▶ _Dataset items_:
---+---

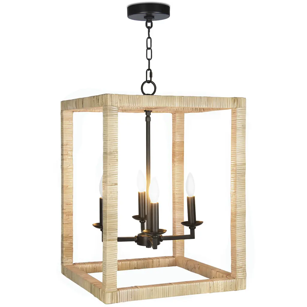 The Denison Rattan Grande Chandelier is a hammered wrought-iron fixture in a Molé black finish that is wrapped in rattan. The classic lantern shape has stood the test of time to make it one of our most popular offerings. A design element of note is the square that fastens the chandelier to the chain. This is one of a number of sizes and finishes in the Denison family.
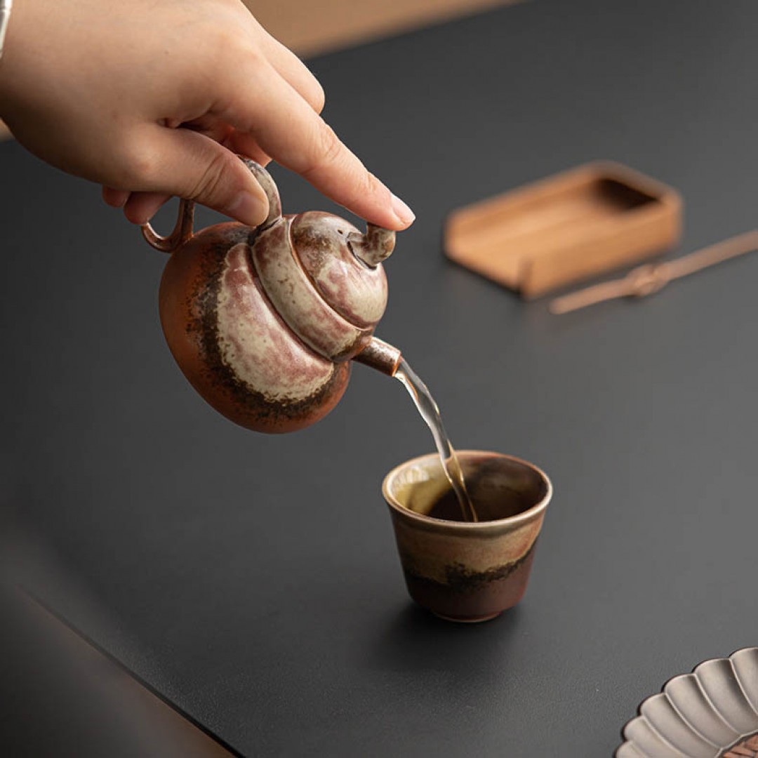 Декор выполнен с помощью технологии “Потока Глазури” – перед обжигом на изделие наносится слой глазури, она плавится под высокими температурами, обычно 1200–1300°C, и начинает стекать под действием силы тяжести. Каждый экземпляр неповторим, копировать узор невозможно.
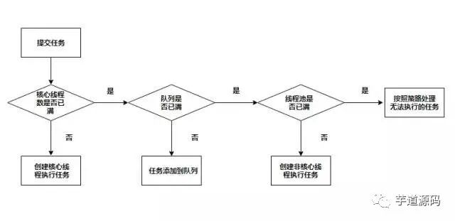 若队列已满,判断线程池是否已满,线程池是否已满和maximumPoolSize参数有关,若未满创建线程执行任务
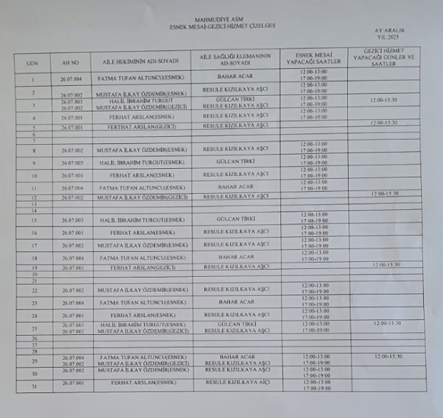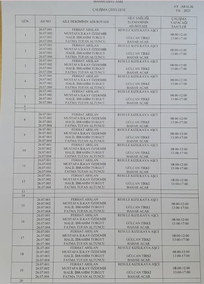 Aile Sağlığı Elemanlarımız
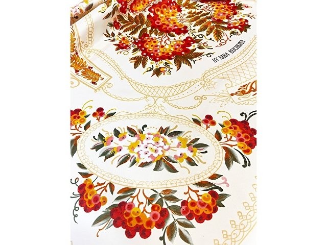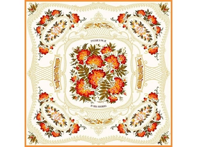 Бренд «Русские в моде» от дизайнера Нины Ручкиной с гордостью представляет дизайн платка «Тагильский поднос». «Нижний Тагил - крупнейший промышленный центр Урала, является родиной русского расписного железного подноса. Искусство уральской лаковой росписи, зародившееся в 40-е годы XVIII столетия и активно развивающееся в XXI, обогатило художественную культуру России. В нем воплотился сплав высокого профессионального мастерства, кропотливого труда художников по металлу, стремление к прекрасному и талант народных живописцев. Русская рябина - излюбленный сюжет мастеров тагильского подноса. Она абсолютно уникальна и узнаваема. Эскиз платка дополнят утонченная вязь орнаментов и ажурные решетки, присущие исключительно этому промыслу. Платок «Тагильский поднос» станет ярким акцентом в вашем гардеробе. Насыщенная терракотово-чёрная цветовая гамма плодов всегда актуальна, а нежные оттенки цветов рябины внесут настроение романтичности и легкости. Дизайнеры: Нина Ручкина и Анна Шулик

---+---

▶ _YOUR INSTRUCTIONS_:
An exact copy is needed of the stretch above that opens with the line containing "Декор выполнен с" and closes with the line containing "Aile Sağlığı Elemanlarımız"; the pictures are not part of it.

▶ _RESPONSE_:
 Декор выполнен с помощью технологии “Потока Глазури” – перед обжигом на изделие наносится слой глазури, она плавится под высокими температурами, обычно 1200–1300°C, и начинает стекать под действием силы тяжести. Каждый экземпляр неповторим, копировать узор невозможно.
 若队列已满,判断线程池是否已满,线程池是否已满和maximumPoolSize参数有关,若未满创建线程执行任务
 Aile Sağlığı Elemanlarımız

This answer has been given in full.